21 I do not think that such a course, even if procedurally available, should be taken. This is for three reasons. First, as currently articulated the Tribunal is absent as a party whereas in any judicial review proceedings its presence would be a necessity. There was no application during the course of the hearing to join the Tribunal as a respondent nor any application to adjourn the present proceedings to allow such a course to be taken.
22 Secondly, Mr Yao's basic complaint about the Tribunal's decision is that it erred in concluding that the evidence sought through the issue of the summonses was not relevant.

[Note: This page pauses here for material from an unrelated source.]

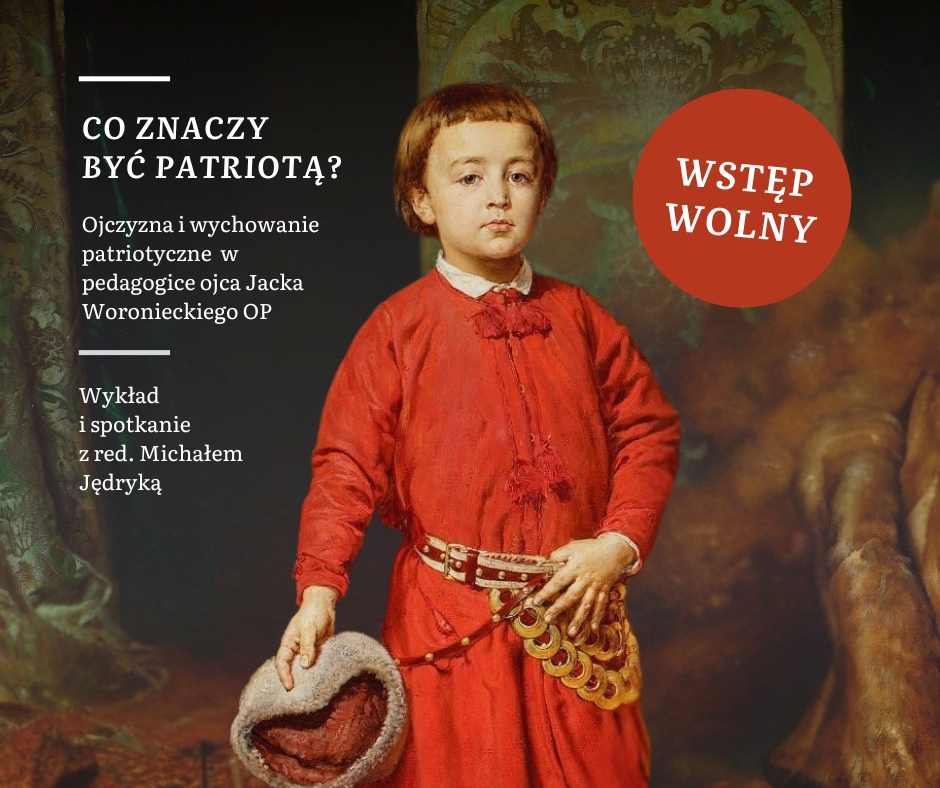 Zapraszamy na wykład Co znaczy być patriotą? Ojczyzna i wychowanie patriotyczne w pedagogice ojca Jacka Woronieckiego OP, który przedstawi red. Michał Jędryka.

Leaving aside all the various ways in which an administrative lawyer might seek to attire such a proposition, I agree that the Tribunal member's analysis is inevitably correct. The question which currently rests before the Tribunal awaiting determination is whether Mr Yao was obliged to enter into an activity agreement with Centrelink, whether he committed three "newstart participation failures" within a 12 month period and, if so, whether he had a reasonable excuse for so doing.
23 Three of the summonses whose issue Mr Yao sought were directed to a Ms Sharma who was the Secretary's employee who was representing the Department before the Tribunal. The Tribunal found that there was no need to issue such a summons to Ms Sharma since she would be present at the eventual hearing and had given an undertaking to produce any relevant material required by the Tribunal. Given that the power to issue summonses is inevitably discretionary, I can discern in that approach no error of principle of the kind which might provide a basis for judicial review.
24 Mr Yao also sought to issue a summons to "Mary" at Mission Australia, Punchbowl. This the Tribunal declined on the basis that the recipient was insufficiently identified and also because the member could not understand how anything that witness might say would advance Mr Yao's case on the three issues I have already identified. I can discern in that approach no error.
25 The last summons sought was to Ms Colwell at Centrelink, Bankstown. The Tribunal concluded that this evidence would have no relevance to Mr Yao's case, a proposition with which I agree.
26 Thus, even if it were possible to overcome the many procedural hurdles standing in the way of treating Mr Yao's appeal under s 44 of the AAT Act as an application for some species of judicial review I would not permit any such reformulation to take place. I take that course because I regard the prospects of success for such putative litigation as being a relevant discretionary matter to be taken into account in deciding whether to permit such a recasting to be undertaken. I should note, for completeness, that I am by no means convinced that Mr Yao, in fact, applied for such a recasting.
27 In those circumstances, the proceedings must be dismissed. Since the Secretary's notice of objection to competency is itself incompetent I need make no order disposing of it. Despite that, it is appropriate that Mr Yao bear the Secretary's costs of the proceedings. Although I have concluded that the procedure adopted to challenge the Court's jurisdiction did not exist there were a number of cases which suggested the viability of that procedure. Ultimately, the Secretary's point was entirely vindicated for the reasons he advanced. In those circumstances it is appropriate that he be awarded his costs.